At this stage we know it’s not a web server delay, we know it’s not delaying on the Mid-Tier server and we know it’s not delaying on the AR server, you now need to prove (or disprove) it’s the network. It’s the only part we haven’t looked at yet.
So how you do this? Well, that’s last piece of the puzzle and it’s a difficult one. All the logs we’ve looked at so far are logs on application level, but now we need to check what happens between the two applications, but there’s no neat log file for this. Instead we need to check the network traffic. The way to do this is by using network traces. You basically record all the traffic that flows over the network card. If you do this on both the machines that host Mid-Tier and AR server you should get a good picture of what’s happening. How to do this depends on the OS, in this case it’s Linux which means we need to use tcpdump: tcpdump –I <interface> -s 65535 –w <file>
I’ve included an article with more information, but the basic idea is to capture the network traffic from two sides with the API logs (also on two sides) to get the correct details. The application to read network data is Wireshark, so once you have the logs, open them via Wireshark and have a look.

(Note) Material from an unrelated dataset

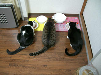 結婚して、我が家はニャンズ×3になりました。旦那様の愛猫が2にゃー(シャンクス & 小春)。私の愛猫が1にゃー(まろん)。合計3にゃーです。6日はシャンクスの4歳のお誕生日だったので、ちょっぴりご馳走にしたところ、みんなで綺麗に並んでもぐもぐもぐ。一心不乱にもぐもぐもぐ。後ろ姿がかわいくて思わず撮っちゃいました 旦那さんと一緒の生活が始まったばかりの頃は、3にゃーとも成猫なので仲良くなるかなぁ...と心配だったけれど1ヶ月ほどたった今は、こうして仲良く?なってくれて安心しました。彼らの姿に毎日癒されてます。これで夏に子供が生まれたら、にぎやかになるなぁ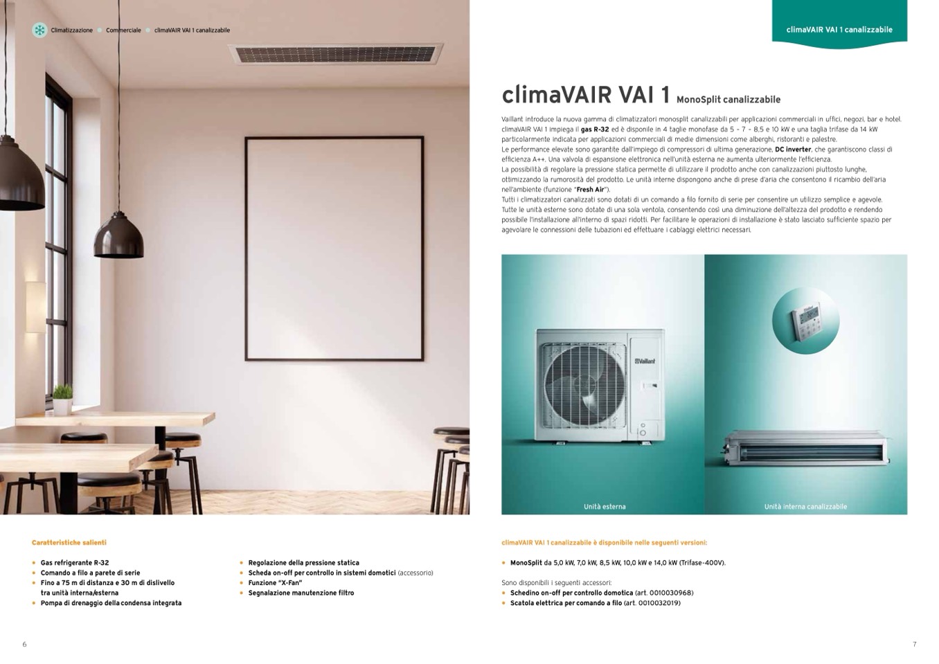 Vaillant introduce la nuova gamma di climatizzatori monosplit canalizzabili per applicazioni commerciali in uffici, negozi, bar e hotel.

Not as easy to read as the other logs. What you’re looking at is basically raw data, so you need to look for specific pieces of traffic here. The first thing I do is filter by TCP traffic. There’s a lot of stuff logged here, but I know the API traffic between the two servers are sent via TCP.
Next I use the same method I used for the other logs. Using a combination of timestamps, field IDs, field values I scan through the logs for any requests that match. I also keep an eye on the IP addresses here since I’m looking for traffic between the Mid-Tier and AR server. I know both IPs so I know which is the sender and the receiver. Here’s what the traffic looks like that I found:
From a Mid-Tier perspective it looks like it leaves the server on time, but it doesn’t get an answer back until four minutes later. The network from the AR server machine confirms this, the traffic comes in too late so there’s nothing else AR server can do. You see, the network is delaying this here, something goes wrong when the packages are sent between the two servers. It’s a network problem and the network team can probably answer where this is going wrong.
I know this all quite detailed, but my point is that none of these problems would show up if you only look at the logs using reports that record the slowest call, highest threads, etc. You can only find this out if you actually look at the traffic. If you follow a conversation in the log files you can see exactly where what happens. You can prove it’s not the web server, then you check if it’s the Mid-Tier server that’s causing the problem. If not, follow the conversation to AR server, the database, etc. I often just take a few similar requests over a certain period and check how they perform. If there are any differences, I check where it spends most of its time and try to find out why.
That said, your first port of call when dealing with performance problems are probably still the log analyser and the access logs, but if that doesn’t help and the circumstances are suspicious, you’ve got it to get down to the details.